Rory Svoboda
Associate Editor
Loyola University Chicago School of Law, JD 2022
In early April of 2020, a high-tech, temperature-controlled cooler traveled halfway across the country on an airplane with a man whose sole job was to get the contents of that cooler –– a promising trial drug to treat a specific form of muscular dystrophy –– from a Baltimore-based research hospital to a family member of mine living in a west Chicago neighborhood. Ordinarily, this family member would make a monthly visit to Baltimore and take the trial drug under the supervision of researchers, but with a pandemic raging on, researchers made do. COVID-19 has undoubtedly changed the way people around the world are going about their lives and everyone is doing their best to be flexible. Clinical drug trials are no different.
What is being done to continue important medical research and trials despite COVID-19?
Travel restrictions have upended some research plans, while long-term lockdowns also simply shifted research priorities. However, with nearly 147,000 active clinical trials, it makes sense that they wouldn’t all just come to a halt when COVID-19 hit. In response to the pandemic, the U.S. Food and Drug Administration (“FDA”) put out recommendations for how to continue on with impending and active clinical trials. It seems that the key to these recommendations is flexibility. The FDA advises that sponsors should consider each circumstance, focusing on the potential impact on the safety of trial participants, and modify each study conduct accordingly.

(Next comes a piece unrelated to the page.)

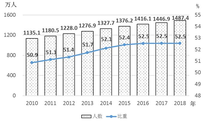 2.女性基本医疗保险覆盖面继续扩大。据不完全统计,2018年,全国女性参加基本医疗保险的人数超过5.4亿人,比上年增加1926万人,是2011年的2.9倍。其中女性参加城镇职工基本医疗保险的人数为1.5亿人,比上年增加643万人,比2011年增加3547万人;女性参加城乡居民基本医疗保险的人数超过3.9亿人[2],比上年增加1283万人,是2011年的5.2倍。

Most of the suggested modifications from the FDA involve decentralized and remote trial coordination, taking advantage of tools like telemedicine, or using a patient’s local facility for laboratory investigations. Some study teams have bought and shipped protective equipment to personnel at clinical trial sites, secured special permits where necessary for trial participants to leave their homes for medical visits, and arranged their private transportation to avoid public buses.
Regulatory effects
Clinical trials already pose unique legal issues between the myriad of regulations they must navigate and the way these regulations intersect with patent law. Decentralized clinical trials raise concerns about things like data collection but may also illustrate the need to reevaluate if regulations are necessary. Regulatory authorities have been rather accommodating for ongoing clinical trials, poking holes in the necessity of some typically mandated practices. In a podcast from Foley and Lardner LLP, Laurie Halloran, founder of Halloran Consulting Group, gives an example of such a case. There is something called a six-minute walk test. Patients often travel great distances to have someone who is “qualified” watch them walk for six minutes across a straight line in order to define that the trial product is making the patient better. Halloran explains we are now in a situation where things like this can be done remotely and posits that maybe regardless of a pandemic, they should continue to be done this way.
It’s only natural to question the status quo during unprecedented times like these. While the FDA as a whole is certainly a worthwhile agency, the recent amendments to drug trial rules beg the question of necessity. As of now, this policy of relaxed trial rules from the FDA remains in effect “only for the duration of the public health emergency related to COVID-19 declared by the Secretary of Health and Human Services.” However, if the FDA can be flexible during a pandemic, then that is arguably all the more reason to maintain those relaxed drug trial rules post-pandemic.
The primary benefit of maintaining these relaxed rules is efficiency. Most of the suggested modifications from the FDA involve decentralized and remote trial coordination, which is more efficient and economical since researches do not have to work within patients’ travel schedules. Efficiency is critical in any business, but especially in situations where patients are waiting for life-saving treatments. Inefficiencies may even cost lives because people die from diseases that might be treatable. Efficiency and necessity ought to be key considerations for regulators in a post-pandemic world.
Data Concerns and Long-Term Impact
The COVID-19 outbreak poses both obvious and more subtle data challenges. Trial participants who become infected with COVID-19 make it harder for researchers to pick up signals of benefit or to disentangle the negative side effects of the experimental treatment. Less obvious effects on data may be the result of stay-at-home orders affecting the day-to-day lives of participants. For example, the results of HIV prevention trials depend, in part, on participants’ risk of contracting the virus. Social distancing orders that limit intimacy might change that underlying risk. COVID-19 mitigation efforts interfere with all aspects of a successful clinical trial: efficient accrual and randomization, intervention adherence and delivery, and outcome collection. Accounting for these effects and doing so remotely are challenges for researchers. However, post-pandemic, it should remain within researchers’ discretion as to when in-person visits are necessary to overcome these data challenges rather than be mandated by the FDA.
Legal professionals and researchers in the field are optimistic. One cancer researcher believes hybrid clinical trial models incorporating decentralized components can increase efficiency. Diane Bourque, an attorney whose practice focuses on clinical research, believes a great deal of good can come from the changes made during the COVID-19 outbreak. All in all, despite some of the incredible barriers that COVID-19 has posed for researchers and clinical trial participants, the show goes on.